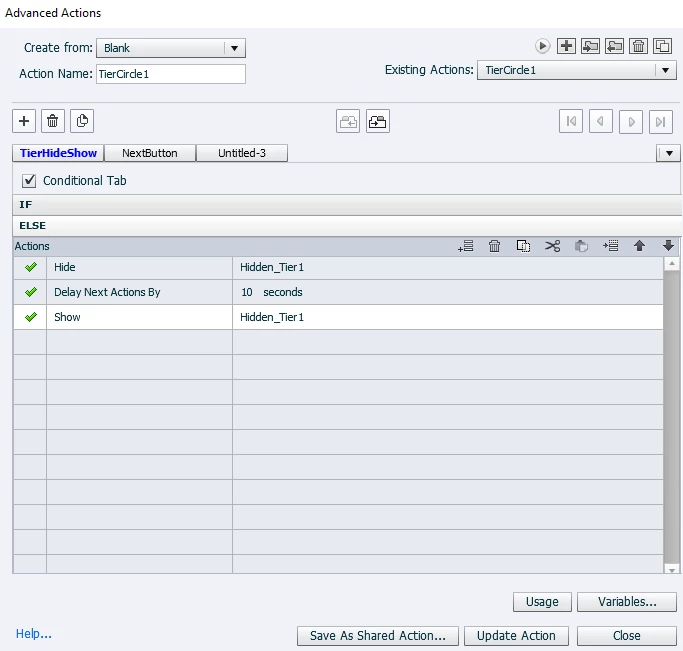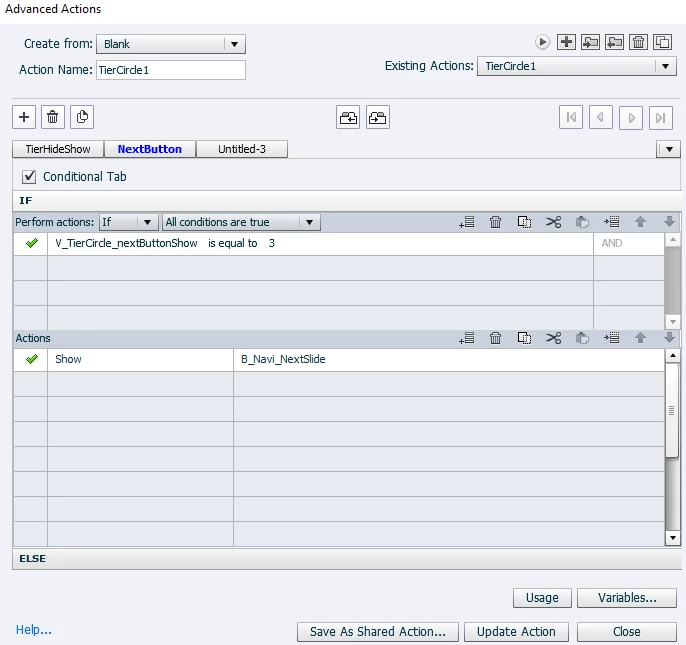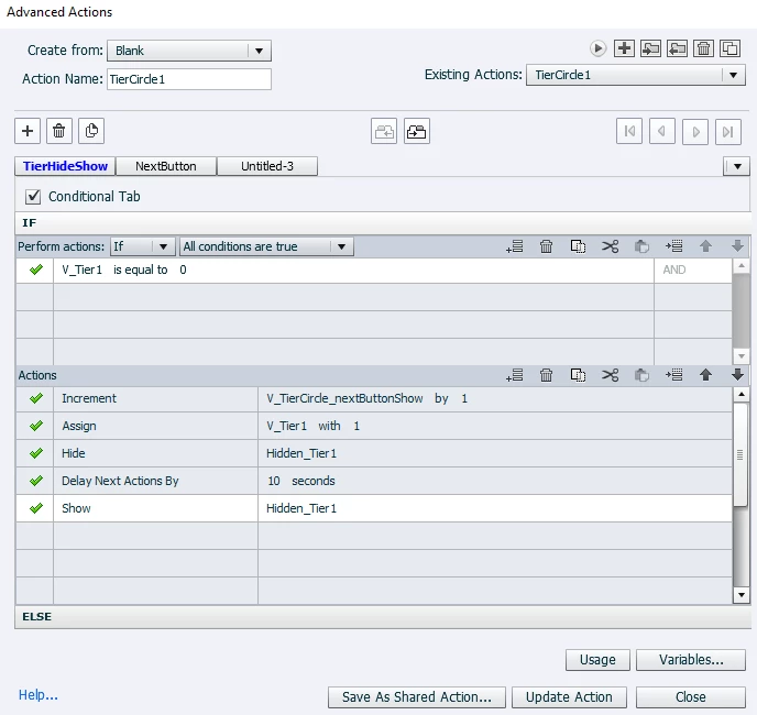2) I have a varible for each of the 3 buttons on the screen. The first time you click it, it increments the next_button_varible. (I have a conditional action here, so that only the first time you click on the button it increments the next_varible.)
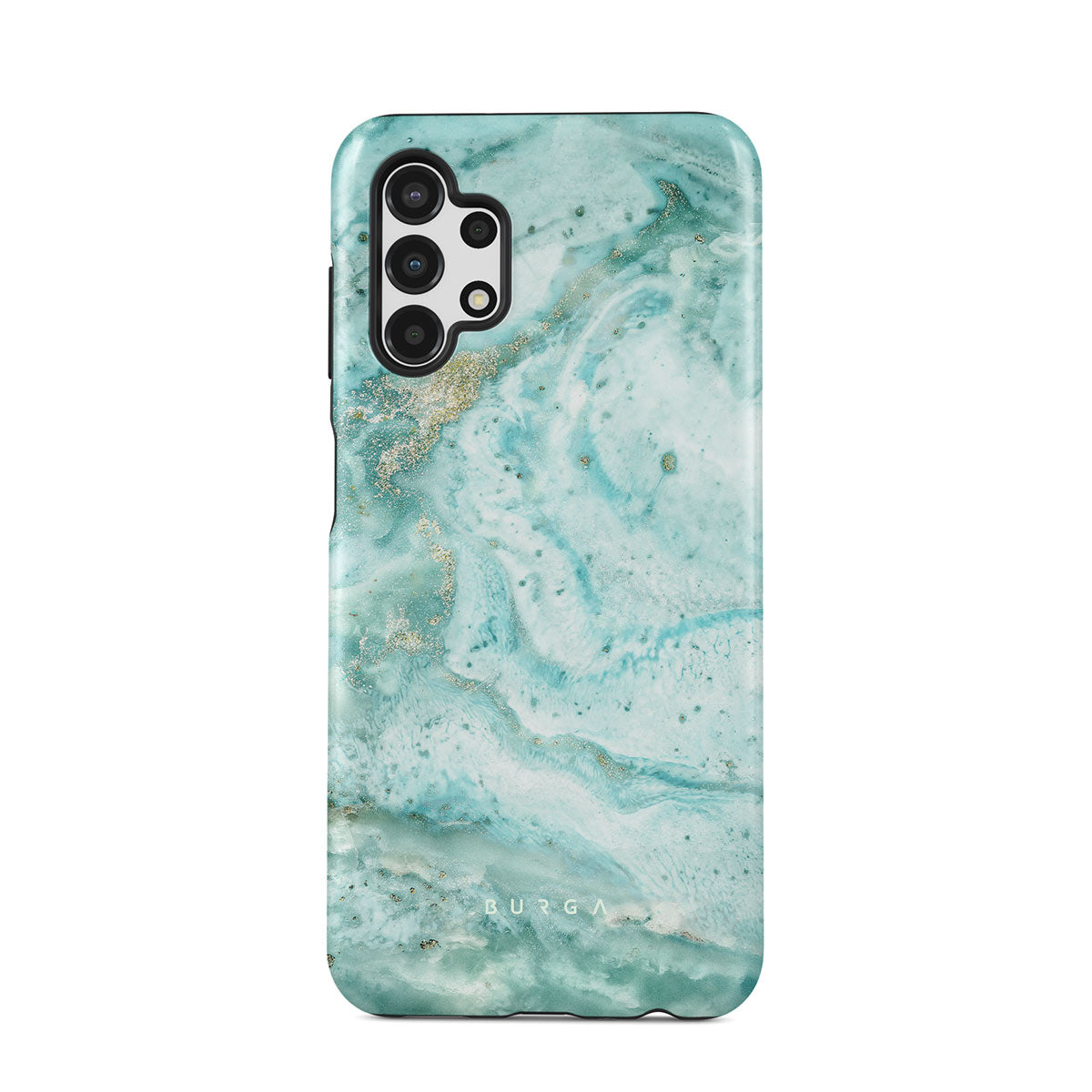 Our Uluwatu Waves Samsung Galaxy A13 4G phone case is an absolute teal dream. This phone cover features timeless and soft blue marble pattern enriched with golden color specks will surely remind you of a tropical beach teal waters while becoming a protective best friend for your cell phone.
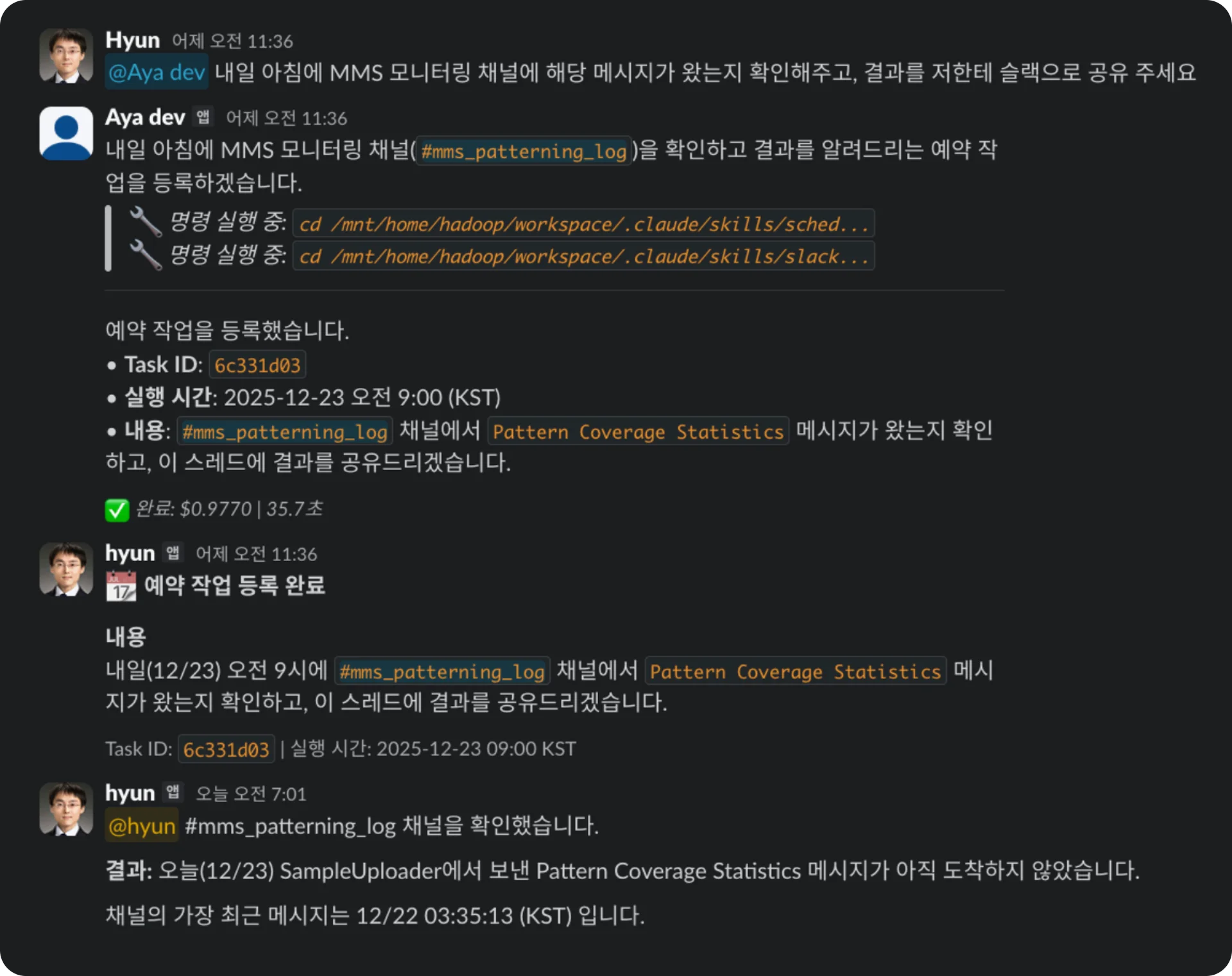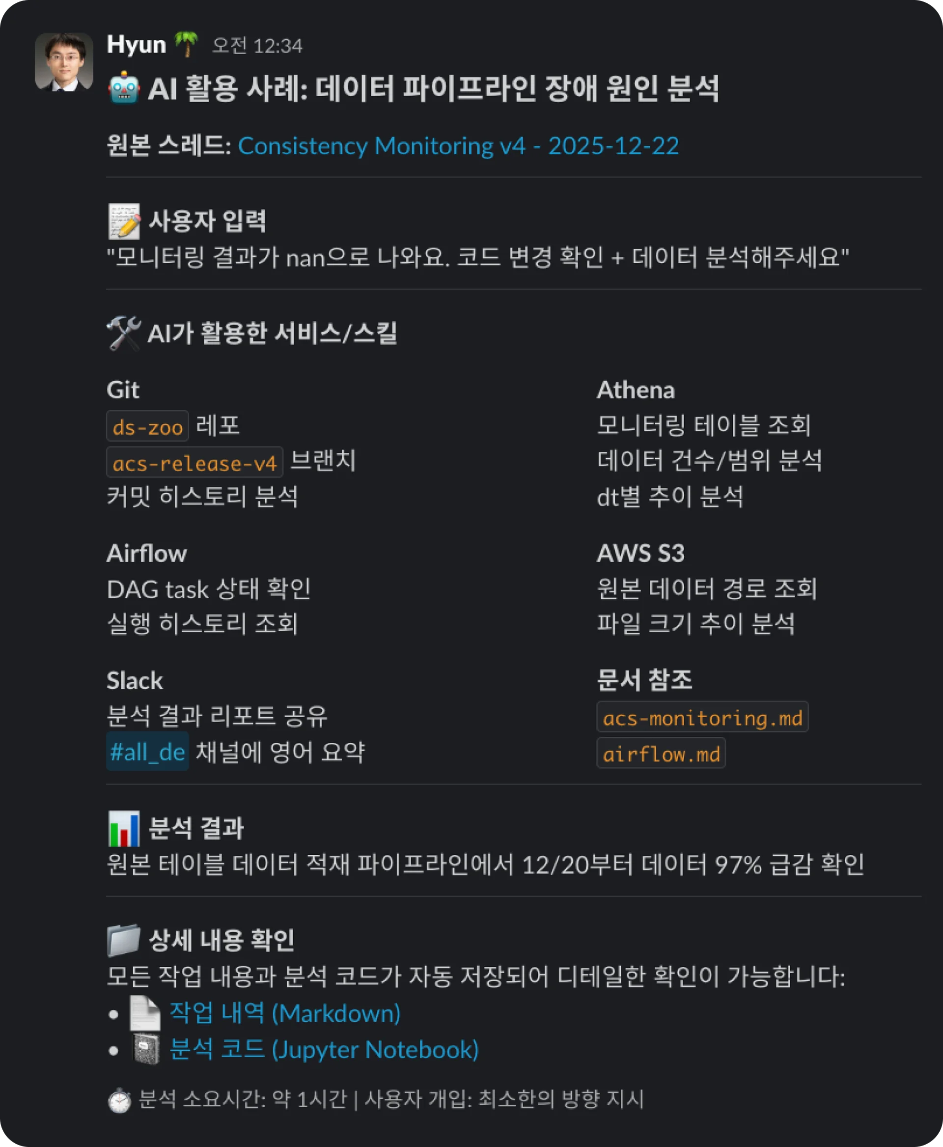 [AI의 활약] 침대에 누워 슬랙으로 "모니터링 결과가 이상한데 분석해줘"라고 던졌습니다. AI에게 준 힌트는 "이 결과는 notification.py에서 처리된다"는 프로젝트 문서의 한 줄뿐이었습니다.
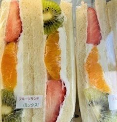 本日買った完熟の生のフルーツがたっぷり入ったフルーツサンド。断面がキレイで食べ応えも充分!、くだものの甘さを邪魔しない生クリームとの相性も抜群です。
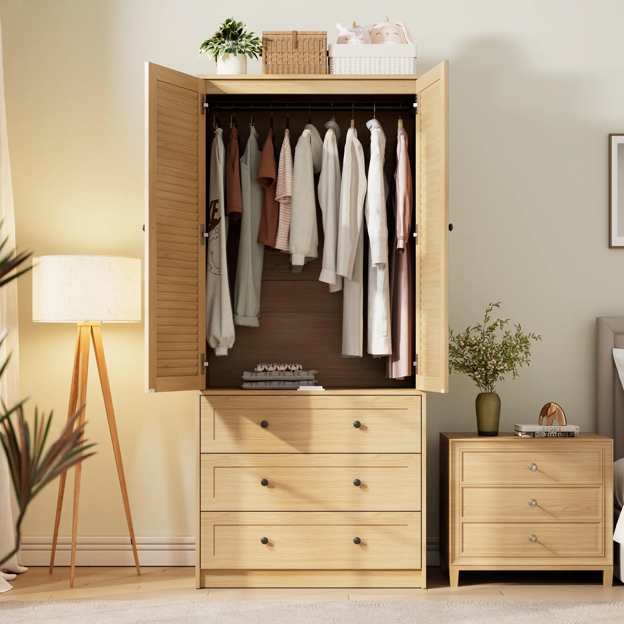 · Wardrobe Closet for Hanging Clothes: Simple and Smart! When all you need is a wardrobe with all the basic functions, why not add a Garvee wooden wardrobe? The clothes rail holds about 20 shirts on hangers. Complete with 3 big drawers to make it easier to keep track of smaller things.
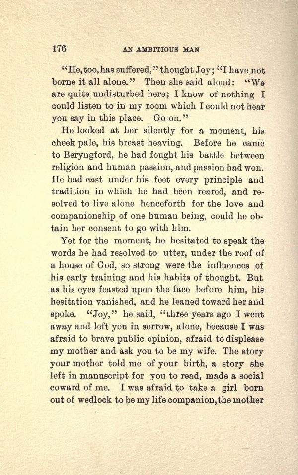 Yet for the moment, be hesitated to speak the words he had resolved to utter, under the roof of a house of God, so strong were the influences of his early training and his habits of thought. But as his eyes feasted upon the face before him, his hesitation vanished, and be leaned toward her and spoke. "Joy," be said, "three years ago I went away and left you in sorrow, alone, because I was afraid to brave public opinion, afraid to displease my mother and ask you to be my wife. The story your mother told me of your birth, a story she left in manuscript for you to read, made a social coward of me. I was afraid to take a girl born out of wedlock to be my life companion, the mother

▶ _Work order_
Give back the records above word for word, minus any image they hold.

▶ _Written solution_
2) I have a varible for each of the 3 buttons on the screen. The first time you click it, it increments the next_button_varible. (I have a conditional action here, so that only the first time you click on the button it increments the next_varible.)
 Our Uluwatu Waves Samsung Galaxy A13 4G phone case is an absolute teal dream. This phone cover features timeless and soft blue marble pattern enriched with golden color specks will surely remind you of a tropical beach teal waters while becoming a protective best friend for your cell phone.
 [AI의 활약] 침대에 누워 슬랙으로 "모니터링 결과가 이상한데 분석해줘"라고 던졌습니다. AI에게 준 힌트는 "이 결과는 notification.py에서 처리된다"는 프로젝트 문서의 한 줄뿐이었습니다.
 本日買った完熟の生のフルーツがたっぷり入ったフルーツサンド。断面がキレイで食べ応えも充分!、くだものの甘さを邪魔しない生クリームとの相性も抜群です。
 · Wardrobe Closet for Hanging Clothes: Simple and Smart! When all you need is a wardrobe with all the basic functions, why not add a Garvee wooden wardrobe? The clothes rail holds about 20 shirts on hangers. Complete with 3 big drawers to make it easier to keep track of smaller things.
 Yet for the moment, be hesitated to speak the words he had resolved to utter, under the roof of a house of God, so strong were the influences of his early training and his habits of thought. But as his eyes feasted upon the face before him, his hesitation vanished, and be leaned toward her and spoke. "Joy," be said, "three years ago I went away and left you in sorrow, alone, because I was afraid to brave public opinion, afraid to displease my mother and ask you to be my wife. The story your mother told me of your birth, a story she left in manuscript for you to read, made a social coward of me. I was afraid to take a girl born out of wedlock to be my life companion, the mother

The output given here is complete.